Have you heard the phrase “a chain is only as strong as its weakest link?” It’s usually used to express the sentiment that a group of people are only able to be as successful as the least powerful or successful person in the team. However, much the same is also true when it comes to API security and vulnerable libraries.
Web applications and web APIs
While there’s plenty of emphasis put on web app security, APIs are frequently more powerful and simultaneously easier to exploit. On the surface, a web application and a web API sounds like it refers to the same thing. Certainly, there is a degree of commonality between both, but there are also critical differences.
One of the reasons web apps are often targeted by attackers is because of their visibility – being designed with human users in mind. No-one needs to point out how significant popular web apps like Google Docs are. Bringing a target like Google Docs, or even other smaller but still well-known solutions, to its knees would therefore be cause for major bragging rights among malicious actors.
Unsurprisingly, there is therefore a spate of attack methods that are used against web apps, such as Cross-site Scripting (XSS), SQL injections, Cross-site Request Forgery (CSRF), Remote File Inclusion, and more.
But there’s also a growing number of similar attacks which go after APIs: the functions and procedures which let applications access features or data belonging to another service. (For instance, a button that allows you to pay with PayPal on a website or calls up Google Maps data to show you the location of a landmark.) APIs are back-end applications (on the server side) as opposed to front-end applications (on the client side) and are therefore less visible – although no less potentially devastating if they’re subjected to an attack. Possibly even more so than a web app.

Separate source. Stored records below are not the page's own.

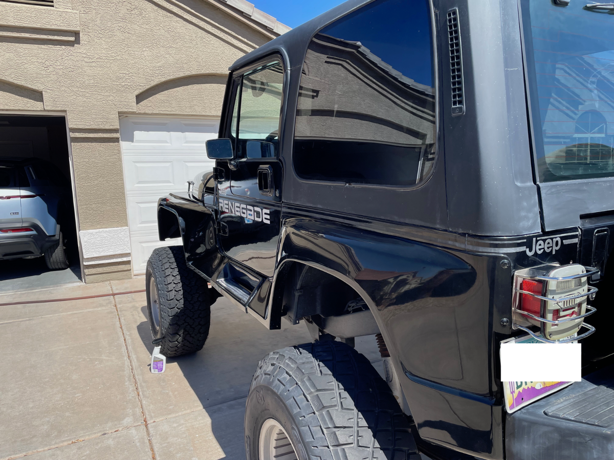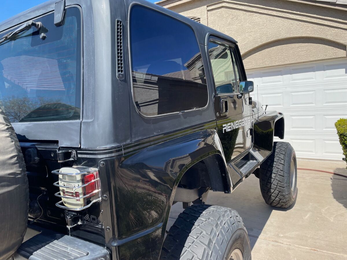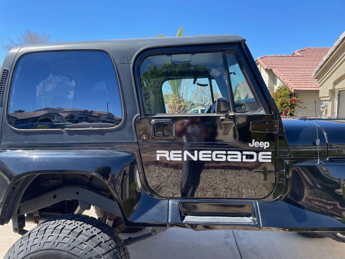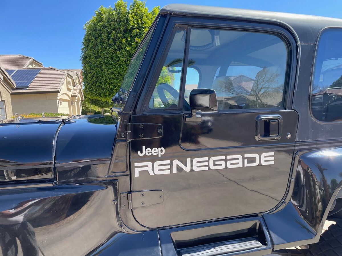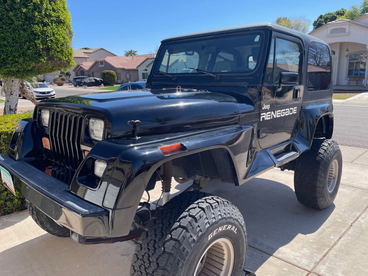 About the Renegade. There are google articles to scan but here is a summary. The Renegade was not very popular when launched, primarily as the extra $4000 was all cosmetic. Did nothing to enhance the drivetrain. Plus, the wider fenders were not appreciated by off roaders. But, as time has passed, the Renegade now has a cult following and I actually prefer the wide fenders especially as I am not an off roader. I guess you could remove them. And, of course, if you ask for any additional pictures and/or details I will quickly provide.It's in really good condition. All gauges work, all lights work, horn, back rear wiper, front wiper, fog lights, brakes good including emergency brake, 4 wheel drive engages and displays on the gauge cluster correctly. Does not smoke.Things to note:It has been lifted, see pics, but properly and professionally lifted before I bought it.New Exhaust, see picsPaint is good, some fading. Like I said I wax it 2 times a year but Arizona sun is brutal. So, some fading but it's a 1992 and the paint is surprisingly pretty good. I made sure to keep the paint as nice as could be expected.Newer Renegade decals that were slightly larger than the original font, which I liked better. The letters are starting to crack as bit. They look decent and if you are going to really get the Jeep in pristine condition then you would buy new decals. If you really were doing a full restore, then repaint before the decals. For me I was very satisfied with the paint the the decals are around 5 years old and were good enough shape for me.Engine runs smooth. No smoke and no valve tap. With the large wheels and lift, you will never spin wheels and the highest speed I ever pushed it was 65mph. Could it do more, I preferred not to try.Hard top, fiberglass of course, in good shape, no cracks, leaks, and glass is good and tinted.All glass is in good shape and the side small windows do open nicely.Yes, it's air conditioned. Of course I never use it but I did recharge it 4 years ago. It should probably be recharged again.I did replace the blower motor on the AC/heat so all 3 speeds workGears shift nicely, no issue.Has an oil pan cover to protect it during off roading, Got it like this and I do not off road so no damage to it.Tires are good with very good tread BUT I believe 3 of them are 6 years old so some say to replace tires over 5 years old. So, perhaps you should. Spare is definitely average for emergency use only.What's needing attentionThe passenger door you have to lock from the inside. You can unlock from the outside but can only lock from the inside. I could have pulled the inner door skin apart to figure it out but it never bothered me as I seldom use it with any passenger.A few places where the paint has clipped off. On the drivers front fender there is a chip. But the primer is still there so some touch up black paint would cover it up if you wanted to do that.The radio speakers are actually not good at all. They work but the fidelity was never good. I was considering a sound bar but when you ride a Jeep music really is not the priorityThe radio is also average. Not great, not expensive, after market and came with the Jeep when I bought itFront driver's seat, the seat cushion has some tearing which could be stitchedI think it's worth more than $5500 but why be greedy. If it hits or goes beyond $7500 I have a soft top I will throw in.I did, recently sell a VW bug and the buyer gave me good feedback which I think you can view in the feedback section. I am selling cars and will be listing other stuff as it's overdue that I downsize, bummer getting old (older)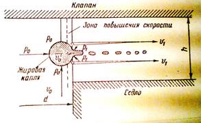В каждом гомогенизирующем клапане имеется место резкого изменения сечения потока на переходе из клапана седла в клапанную щель, а следовательно, и место резкого изменения скорости. На подходе к щели скорость потока равна V0 , а при входе – V1 , причем первая представляет собой величину порядка нескольких метров в секунду, а вторая – несколько сот метров в секунду.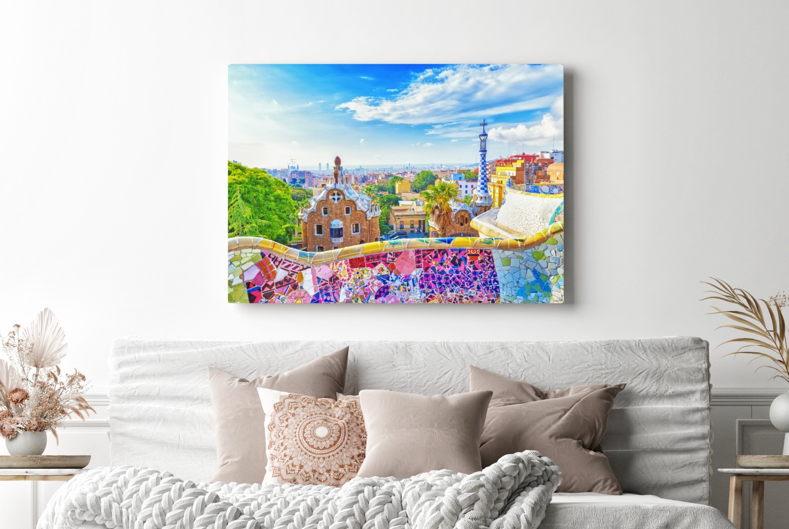 Obraz na płótnie Żywa Barcelona Park Güell mozaikowa panorama

The fear of API vulnerabilities
The fear of API vulnerabilities is because of what’s known as a supply chain vulnerability. Like having a secure house, but then installing a hackable smart lock on your front door, they open up potential vulnerabilities that can be overlooked by the people relying on these APIs. It’s not just small players whose APIs may contain vulnerabilities, either.
Recently, a new vector was discovered that allowed attackers to potentially exploit vulnerable versions of Google’s SLO Generator, making possible remote code execution attacks. The tool is utilized by a huge number of Google services. While the flaw has been patched since September 2021, outdated versions used could nonetheless potentially be used to attack targets.
This is just the latest example of vulnerable APIs opening up security weaknesses. A report published at the start of the year claimed that API attacks exploded by a massive 681 percent in the preceding year. Of the respondents, all running production APIs, many remained totally unprepared to deal with API attacks. A terrifying 34 percent said that they had no kind of security strategy in place as relates to APIs.
If it ain’t broke…
Here’s another idiom: “If it ain’t broke, don’t fix it.” Unfortunately, this is totally the wrong advice when it comes to APIs. In fact, the problem with just about any security vulnerability is that it looks like nothing’s wrong – until you suffer an attack.
So what’s the best way to secure APIs? As is always the case with cyber security, there’s no one-size-fits-all solution. But there is practical advice that can be followed. For starters, prioritize security rather than ignoring the problem. Conduct an inventory of your APIs and then work with dedicated DevOps teams in order to better manage them. In addition, use strong authentication and authorization solutions, encrypt traffic, use rate limiting, and other similar approaches.
Perhaps the best advice you can follow, however, is to call in the experts. Solutions like Web Application Firewalls (WAFs) and Runtime Application Self-Protection (RASP) can be used to help secure APIs – or, at least, to stop potentially insecure APIs from causing damage to the organizations who rely on them.
An unfortunate reality of modern computing
Cyberattacks like this are an unfortunate reality of today’s computing landscape. Like web apps, APIs have been a game-changer in all sorts of ways. But vulnerable libraries can yield no end of problem, potentially far outweighing the benefits of using these tools. By taking advantage of the right solutions, however, it’s possible to reap all the benefits without the risk.
That’s one of the smartest investments you can make as a business. After all, failing to take this issue seriously can be an incredibly costly error to make – not just for you as an organization, but for the customers and users who have put their faith and trust in you.